Filosóficamente se tiende a pensar que la resolución del dualismo debe abocar a alguna forma de panteísmo de la unidad indiferenciada. Nada más lejos de la propuesta de la filosofía española, la cual afirma que la superación del dualismo es alguna forma de unidad viviente en la que la dualidad ha cambiado su signo, su valencia o su valor. Tal es la extraordinaria transformación a la que asistimos a lo largo del Quijote , novela en la que Cervantes, con mano maestra, ha sabido presentarnos esa extraña metamorfosis, dejándonos ante un final tan abierto como ambiguo, por la misma naturaleza de esta unidad viviente que la filosofía española aspira a alcanzar.

Ni la razón agónica unamuniana, ni la razón vital orteguiana ni tampoco la razón poética zambraniana ven en el Quijote una superación del dualismo por la vía de su supresión, sino un extraño híbrido, una síntesis compleja y de difícil análisis que constituye el objeto de todos los esfuerzos y anhelos dirigidos a su lectura del Quijote: descifrar el enigma de esa vida eterna a la que aspira de forma vehemente el alma española en su clara y profunda conciencia de la muerte, de la finitud y de la temporalidad de todo lo que se ama, y precisamente en la medida en que se ama.
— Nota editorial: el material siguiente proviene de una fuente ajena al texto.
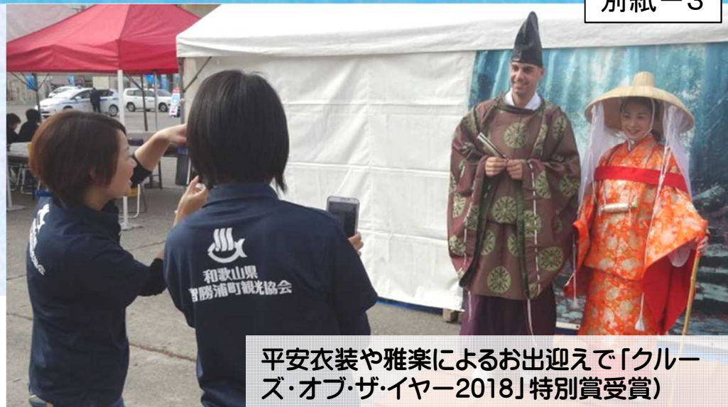
平安衣装や雅楽によるお出迎いで「クルーズ・オブ・ザ・イヤー2018」特別賞受賞

見送り隊には地元はもちろん、市外・県外からも入会可能で、見送りに手を振るだけでもOKです。

La radicalidad de un pensamiento que renace, en su alborada, con esa capacidad de ir al origen, a la fuente de su propio dinamismo, caracteriza las tres miradas filosóficas al Quijote que pretendemos estudiar en el presente libro. La contundencia con la que se va a las «raíces» del propio pensar nos enfrenta con un problema de gran calado que sobrevuela las siguientes páginas. ¿No es la filosofía un saber universal, válido para todo tiempo y lugar? ¿No es lo específico y propio de la filosofía esta universalidad que la sitúa por encima de pueblos, nacionalidades, fronteras? ¿No fue, quizá, la inteligencia el mayor don que los dioses pudieron otorgar al hombre para hacerlo apátrida, ciudadano del mundo, como querían los estoicos; o, al menos, ciudadanos de la Jerusalén celeste, como querían los cristianos? ¿Hablar de una filosofía española no supone una vuelta a un posmodernismo decadente, amante de lo local y patrio, y la renuncia a la universalidad de la razón? Sabido es que estos sofismas eran propios del pensamiento ilustrado, con su concepción abstracta del espacio y del lugar, y a la par con una noción aún más abstracta de la universalidad de la razón. No hay en principio, ni debe haberla, una contradicción entre pensamiento enraizado y pensamiento universal. Que la filosofía naciera en una cuna concreta, Grecia, arraigada en una tierra, en una lengua, en un ethos , no parece haber sido ninguna rémora para su universalidad, al menos en su destino. El permanecer fiel a las raíces, a los orígenes, al carácter y al destino, no parece haber condenado a la filosofía griega a un localismo cerrado y asfixiante, sino que ha sido la base real de su apertura al mundo.